June 15, 2010 | NOW Lebanon

Umbilically Yours, Says Nasrallah to Iran

Hassan Nasrallah, Hezbollah’s secretary general, has carefully cultivated a personality cult, a central tenet of which is that his word is always true. However, in a speech on the recent anniversary of the death of Ayatollah Ruhollah Khomeini, Nasrallah engaged in dizzying revisionism as he explained one of Khomeini’s most problematic doctrines: the export of the Islamic Revolution.

It was in itself telling, and natural, that this was the facet of Khomeini’s legacy that Nasrallah chose to emphasize. After all, exporting revolution is what lies behind Hezbollah’s very existence. And yet to hear Nasrallah describe it, Iran’s policy was solely destined to spread universal values – “the values of the great prophets of God,” as he put it – through preaching to the oppressed of the earth, who would then be free to find inspiration in these values or not.

According to Nasrallah, “badly-intentioned people” have sought to distort Khomeini’s position by claiming that he intended to dispatch Revolutionary Guards and volunteers “in order to topple regimes and impose values and ideas.” Nasrallah’s notion that there was a rigid dichotomy between Iranian proselytizing and paramilitary activities was in striking contradiction to what Iran’s constitution itself says.

Take this passage from the document’s preamble: “The Army of the Islamic Republic of Iran and the Islamic Revolutionary Guards Corps [IRGC] … will be responsible not only for guarding and preserving the frontiers of the country, but also for fulfilling the ideological mission of jihad in God’s way; that is, extending the sovereignty of God’s law throughout the world (this is in accordance with the Koranic verse, ‘Prepare against them whatever force you are able to muster…’)”.

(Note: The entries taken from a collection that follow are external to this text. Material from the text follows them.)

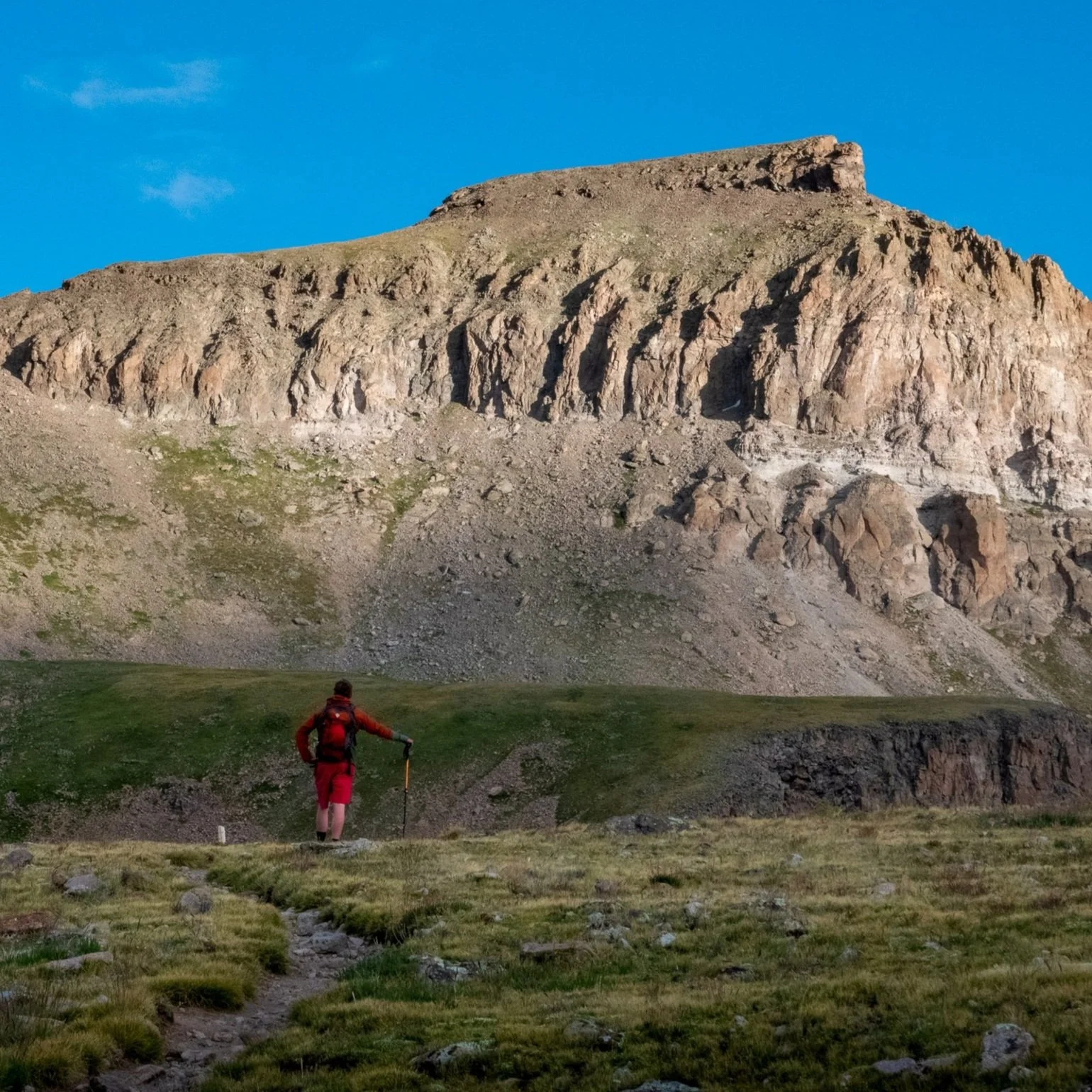 We plodded along the trail, slowly approaching Uncompahgre. We were coming from the backside, so we’d have to hike around the mountain before going up it. The sun was rising on the far side of the mountain, so we hiked in the shade. I continued to shiver, chilled by the sweat soaked into my jacket. Typically, I’m able to quicken my pace to warm my body, but it didn’t seem to be working. I yearned for the touch of the sun as we marched on.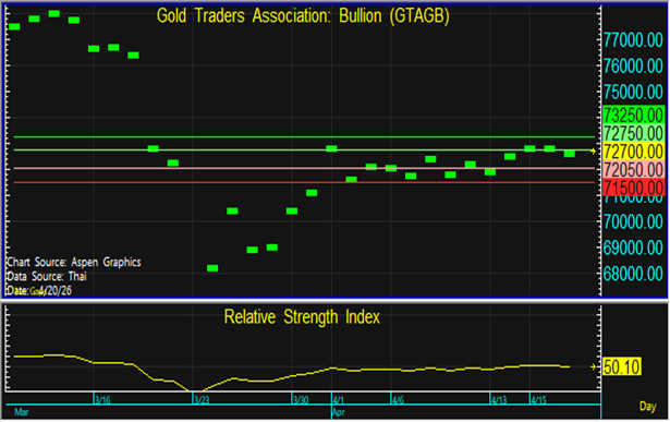 ราคาทองในประเทศยังคง Sideways ตามทองโลกและค่าเงินบาท จึงแนะนำทยอยขายตามแนวต้านที่ระดับ 72,750 บาท และทยอยซื้อตามแนวรับที่ 72,050 บาท แต่หากราคาหลุดแนวรับที่ 71,500 บาท ลงไป แนะนำขายตัดขาดทุน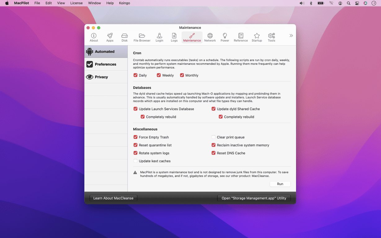 🚀 厌倦了繁琐的终端命令?MacPilot 正是你需要的 macOS系统调优瑞士军刀!这款专业级Mac优化工具通过直观的图形界面,解锁数百项苹果隐藏的系统参数与功能🔧。无需代码基础,即可执行深度清理、网络配置、磁盘修复等高级操作,堪称小白用户与极客玩家共通的系统管理神器。无论是释放存储空间还是定制专属工作流,它都能让Mac性能优化变得像点击按钮一样简单!💻

So, the IRGC is, in fact, a central actor in exporting the revolution. Early on, Mohammad Montazeri (whose father was among the leading Iranian figures behind the idea of creating Hezbollah) and Mehdi Hashemi set up units and offices in the IRGC that dealt with global revolution and the support for “liberation movements” abroad. It was Montazeri who first organized the sending of “volunteers” to Lebanon in 1979 – a prelude to the 1,500 Revolutionary Guards members who followed in 1982. These Pasdaran units provided integrated military and ideological training to Hezbollah’s cadres.

Indeed, the party’s flag once displayed the proclamation “The Islamic Revolution in Lebanon” alongside the previously-mentioned Koranic verse quoted in the Iranian constitution, which remains emblazoned on the Hezbollah flag (and on the IRGC’s emblem) as a reminder of what Hezbollah’s origins and mission are. Similarly, “jihad in the path of God” is what Hezbollah’s deputy secretary general, Naim Qassem, has described as Hezbollah’s guiding project.

Needless to say, Nasrallah neglected to mention the IRGC’s role when discussing Hezbollah’s establishment. And that was not the only thing he omitted. In discussing the supposedly universal values exported by Khomeini, Nasrallah, tellingly, failed to mention any of Lebanon’s senior Shia clerics, many of whom openly took issue with several of Khomeini’s doctrines, especially that of the Guardianship of the Jurist (Wilayat al-Faqih), whereby supreme political authority is vested in the hands of a leading member of the clergy, or jurist. For Nasrallah, there is only one source of religious reference for his party’s actions, the jurist himself, and the secretary general vowed loyalty to Khomeini’s legacy and to his successor, Ayatollah Ali Khamenei.

Nasrallah’s devotion to Khomeini’s vision has led him to disregard not only Lebanese Shia religious tradition, but also the Iranian people, who last year revolted against their regime with chants of “Death to Khamenei.” Such manifestations Nasrallah has dismissed as a “conspiracy” against what he has dubbed a “modern Islamic system” whose “rope is connected to God.” In this context, Nasrallah’s praise of Khomeini’s championing of the “oppressed” rings rather hollow.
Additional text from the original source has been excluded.